=== Begin Enclosure ===

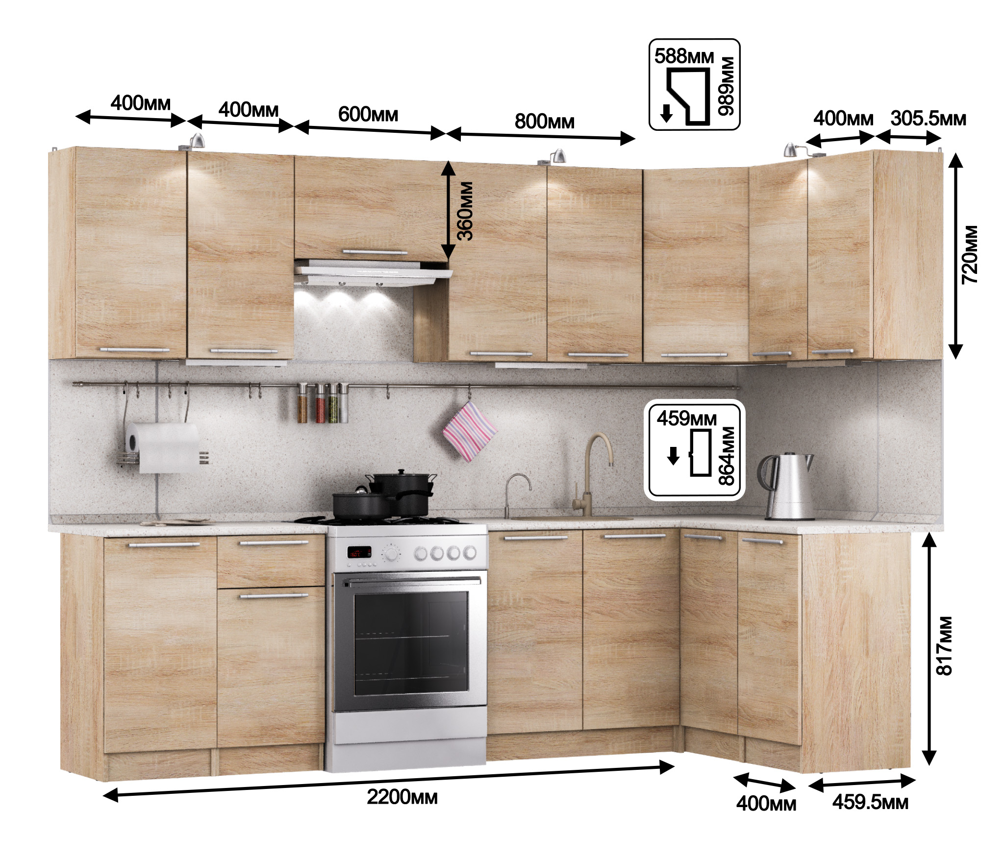 Ангелина угловая Классик Кухонный гарнитур Дуб Сонома
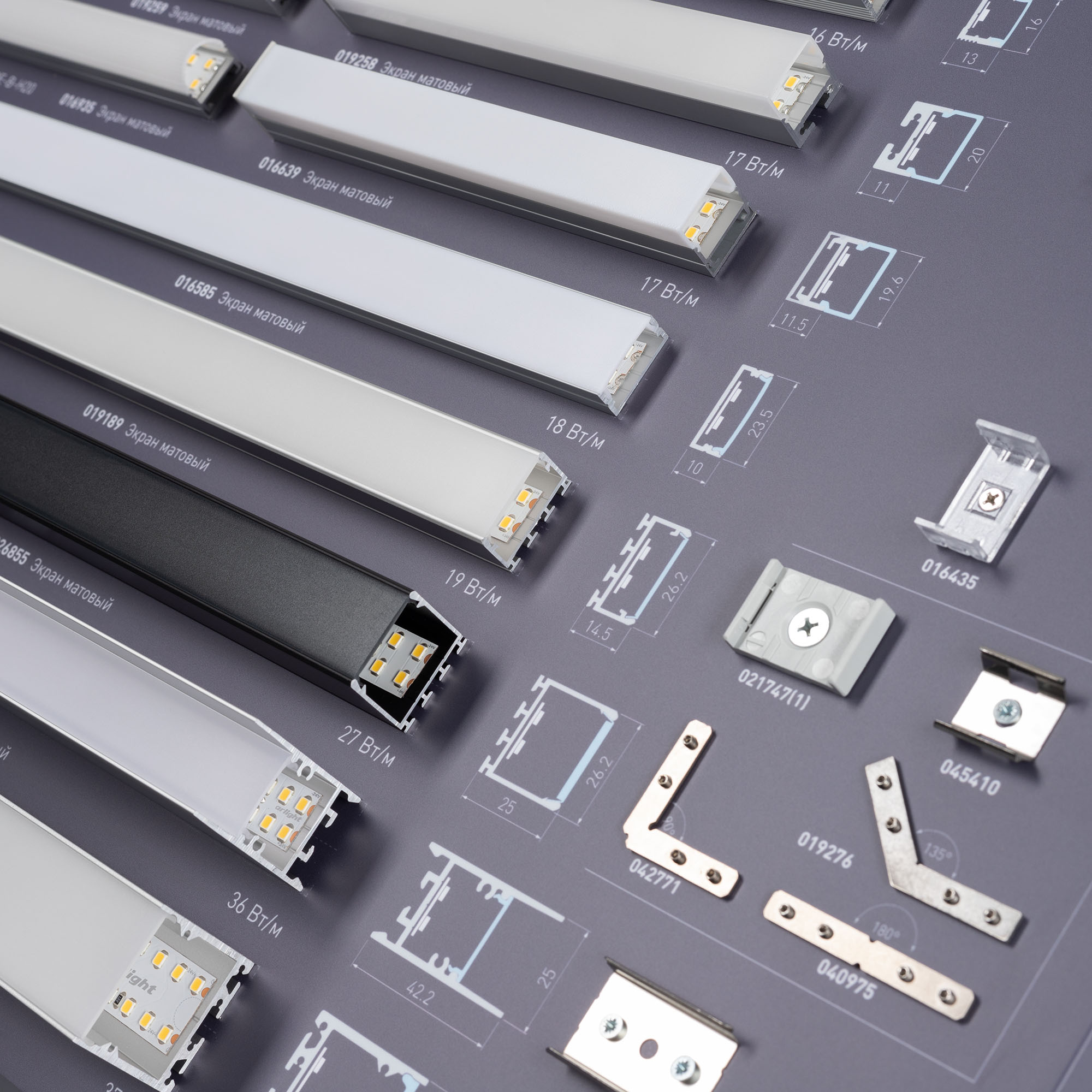 На стенде представлен ассортимент алюминиевых накладных профилей для светодиодных лент для основного и декоративного освещения.
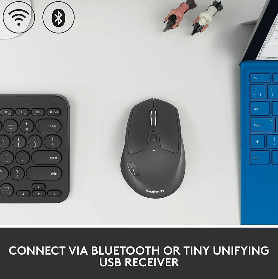 The Logitech M720 Triathlon wireless mouse features superior device connectivity with the ability to connect via both USB port and Bluetooth. The sculpted, ergonomic construction ensures comfortable use and puts the scroll wheel and buttons within easy reach. For even more personalized flexibility, the buttons are fully customizable. Simply press one button to effortlessly switch between three different computers without having to change any connections. To reduce office waste, this mouse can last as long as 24 months on one AA battery.
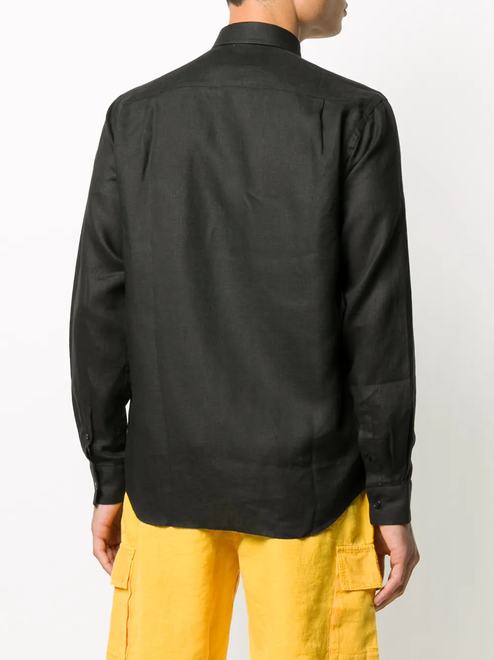 Нагрудный накладной карман, классический воротник, застежка на пуговицах спереди, длинные рукава, манжеты на пуговицах и закругленный подол, цвет черный
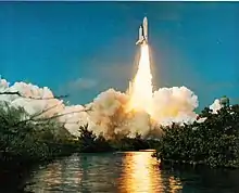 ![]() El Transbordador espacial Columbia segundos después de la ignición de los motores en la misión STS-1 |
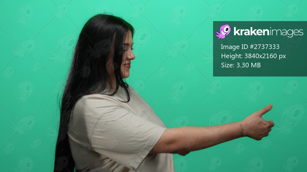Woman with long hair gestures playfully pulling an imaginary rope against a vibrant green background, depicting youthful energy and creativity in an isolated studio setting. - Kraken Images

=== End Enclosure ===

# WHAT YOU WILL DO
Repeat all of the records verbatim, leaving out the pictures.

# WRITTEN REPLY
 Ангелина угловая Классик Кухонный гарнитур Дуб Сонома
 На стенде представлен ассортимент алюминиевых накладных профилей для светодиодных лент для основного и декоративного освещения.
 The Logitech M720 Triathlon wireless mouse features superior device connectivity with the ability to connect via both USB port and Bluetooth. The sculpted, ergonomic construction ensures comfortable use and puts the scroll wheel and buttons within easy reach. For even more personalized flexibility, the buttons are fully customizable. Simply press one button to effortlessly switch between three different computers without having to change any connections. To reduce office waste, this mouse can last as long as 24 months on one AA battery.
 Нагрудный накладной карман, классический воротник, застежка на пуговицах спереди, длинные рукава, манжеты на пуговицах и закругленный подол, цвет черный
 ![]() El Transbordador espacial Columbia segundos después de la ignición de los motores en la misión STS-1 |
Woman with long hair gestures playfully pulling an imaginary rope against a vibrant green background, depicting youthful energy and creativity in an isolated studio setting. - Kraken Images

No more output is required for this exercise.